Protein is also very important as we age. Beginning around the age of 40, you begin to lose up to 3-5% of your muscle mass per decade, a condition known as sarcopenia. Sarcopenia is the reason why falls and fractures are so common among the elderly. Increasing your protein intake, as well as continuing to exercise, can help preserve muscle and fight off sarcopenia.
High-protein foodsAccording to Matthew Kadey, a registered dietitian writing for Bodybuilding.com, some high-protein meats include:
- Top or bottom round steak (23 grams of protein per 3-ounce serving)
- Lean ground beef (18 grams per 3-ounce serving)
- Pork chops (26 grams per 3-ounce serving)
- Skinless chicken breast (24 grams per 3-ounce serving)
- Turkey breast (24 grams per 3-ounce serving)
- Sockeye salmon (23 grams per 3-ounce serving)
- Yellowfin tuna (25 grams per 3-ounce serving)
- Greek yogurt (23 grams per 8-ounce serving)
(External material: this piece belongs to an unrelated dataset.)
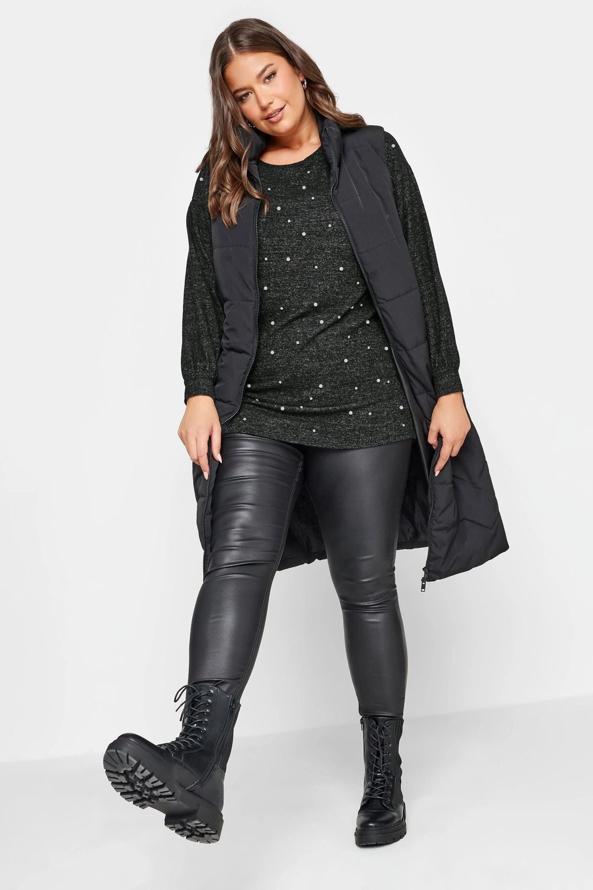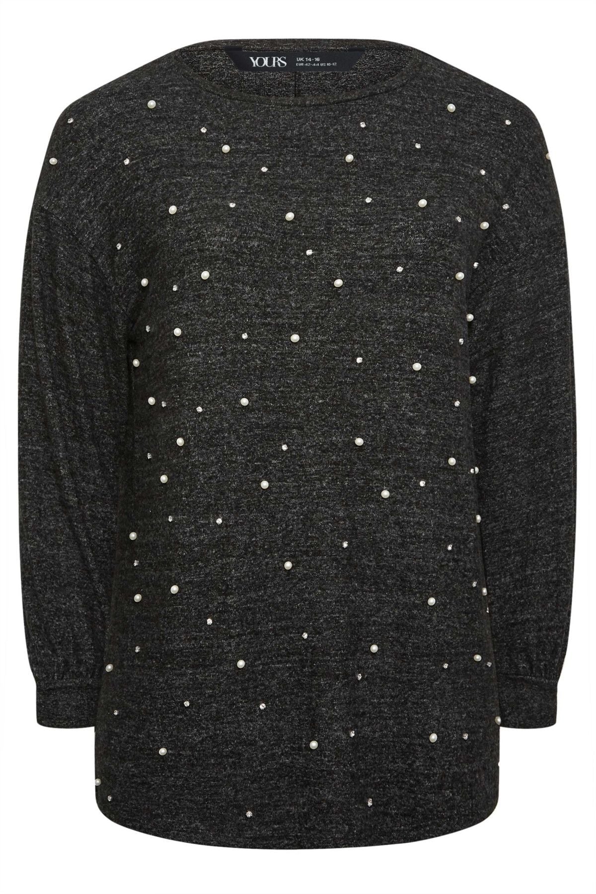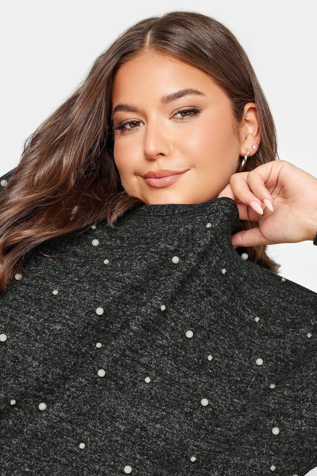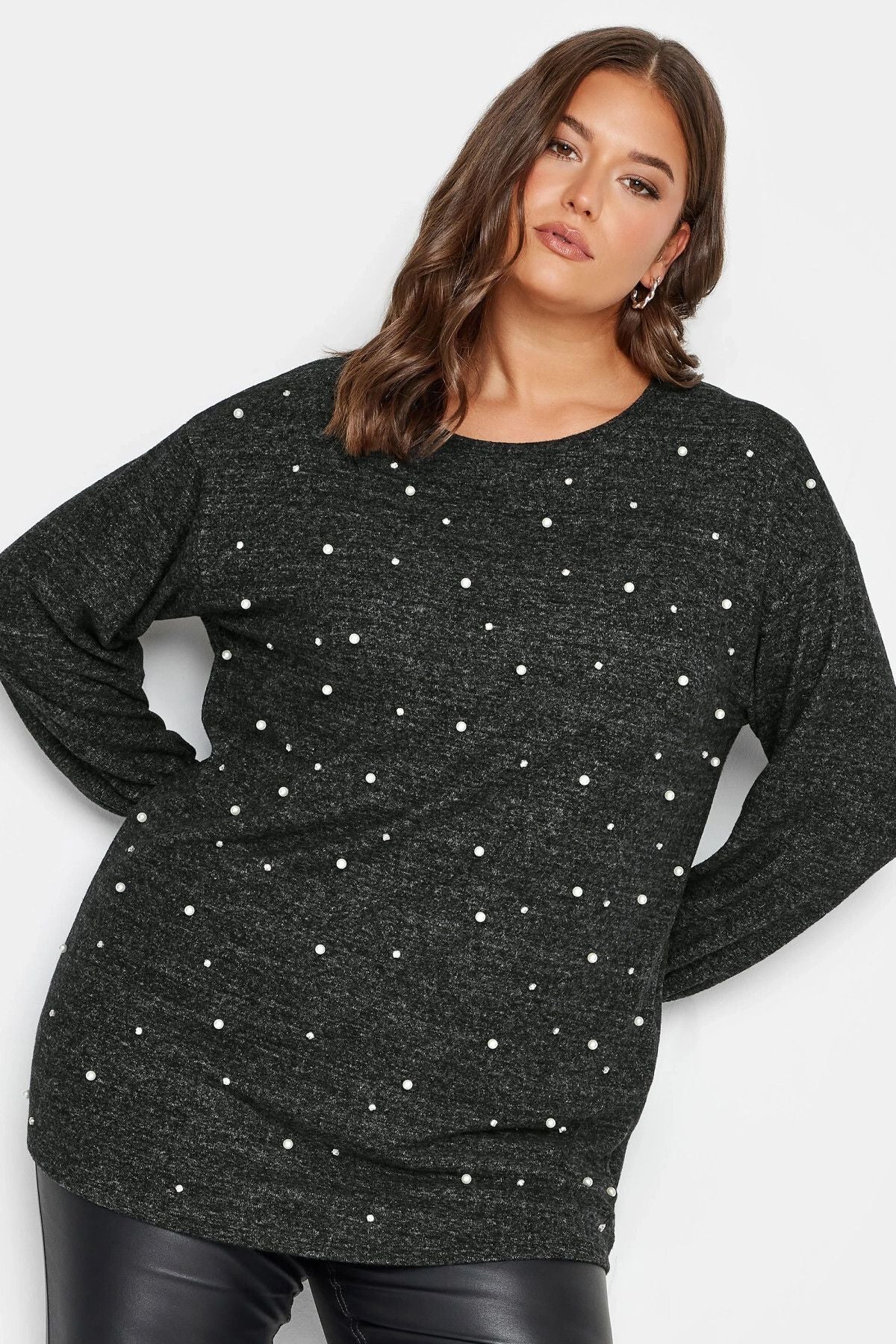 Büyük Beden Bisiklet Yaka Uzun Kollu İnci İşlemeli Bluz 302623

- Cottage cheese (14 grams per half-cup serving)
- Eggs (6 grams per large egg)
- 2 percent milk (8 grams per cup)
- Some canned foods, like sardines, anchovies, and tuna average around 22 grams of protein per serving
- Navy beans (20 grams per cup)
- Lentils (13 grams per quarter-cup)
- Peanut butter (8 grams per 2 tablespoons)
- Mixed nuts (6 grams per 2-ounce serving)
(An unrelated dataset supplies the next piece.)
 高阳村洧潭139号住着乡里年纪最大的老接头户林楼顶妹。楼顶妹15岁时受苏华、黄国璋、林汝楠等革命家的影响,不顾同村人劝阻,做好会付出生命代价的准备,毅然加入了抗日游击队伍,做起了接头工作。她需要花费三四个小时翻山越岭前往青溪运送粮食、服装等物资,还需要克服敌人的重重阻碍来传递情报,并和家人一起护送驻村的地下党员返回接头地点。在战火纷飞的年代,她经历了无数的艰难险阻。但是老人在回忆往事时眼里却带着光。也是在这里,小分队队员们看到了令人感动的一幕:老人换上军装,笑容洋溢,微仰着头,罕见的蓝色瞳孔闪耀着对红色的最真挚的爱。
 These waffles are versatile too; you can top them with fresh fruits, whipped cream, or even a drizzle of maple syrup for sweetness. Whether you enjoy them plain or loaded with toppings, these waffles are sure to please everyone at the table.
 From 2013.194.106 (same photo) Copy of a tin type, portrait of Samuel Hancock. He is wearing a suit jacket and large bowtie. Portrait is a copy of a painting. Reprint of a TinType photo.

- Quinoa (8 grams per 1-cup serving)
- Edamame (8 grams per half-cup serving)
- Soba noodles (12 grams per 3-ounce serving)
What if you are vegan or lactose intolerant?
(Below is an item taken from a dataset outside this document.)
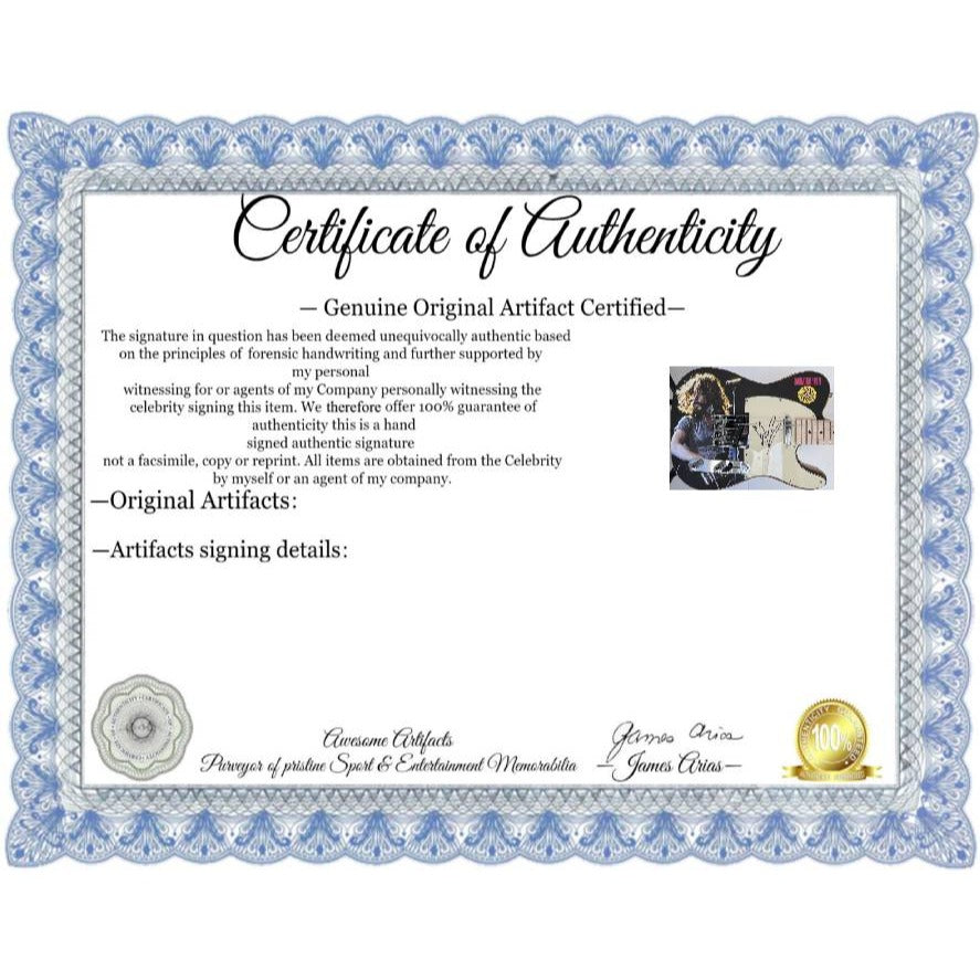 When I first started getting autographs in the world of entertainment and music I would always try and keep a couple guitars in my car , because day to day here in the Los Angeles / Hollywood area you just never could imagine who you might run into. My point being we may have been at Los Angeles International Airport waiting on Lennox Lewis to arrive on Virgin Atlantic from London and we would end up seeing U2 coming through the terminal. I eventually came to the conclusion I would always have a lot of pickguards on hand which I could have in my backpack eliminating the situation of not having anything for music figures to sign when I end up coming across them.

There is a solution for you! By supplementing your plant protein intake with additional amino acids (e.g. BCAAs) either through other plant protein sources or nutritional supplements, you can get the amino acid levels your body needs for optimal muscle protein synthesis. For example, lysine, methionine, and tryptophan (essential amino acids) are in very low quantities in plant-based proteins and therefore you need to supplement to get them into your body to stimulate muscle protein synthesis.
Why is protein good for you?
- Reduces Appetite and Hunger Levels
- Increases Muscle Mass and Strength
- Good for Your Bones
- Reduces Cravings and Desire for Late-Night Snacking
- Boosts Metabolism and Increases Fat Burning
- Lowers Your Blood Pressure
- Helps Maintain Weight Loss
- Does Not Harm Healthy Kidneys
- Helps Your Body Repair Itself After Injury
- Helps You Stay Fit as You Age
- Strengthens your immune system
The Bottom Line
Protein has many roles in your body. It helps repair and build your body’s tissues, allows metabolic reactions to take place, and coordinates bodily functions.
In addition to providing your body with a structural framework, proteins also maintain proper pH and fluid balance. Finally, they keep your immune system strong, transport and store nutrients, and can act as an energy source, if needed.
Collectively, these functions make protein one of the most important nutrients for your health.
Protein is incredibly important to our health, not only to build bigger muscles, but to heal better from injury, age better, and prevent certain disease conditions.
But protein is not one size fits all, and it is important to understand the different types of protein, how much you need, and how your body processes protein so that you can set yourself up to properly heal and live your healthiest.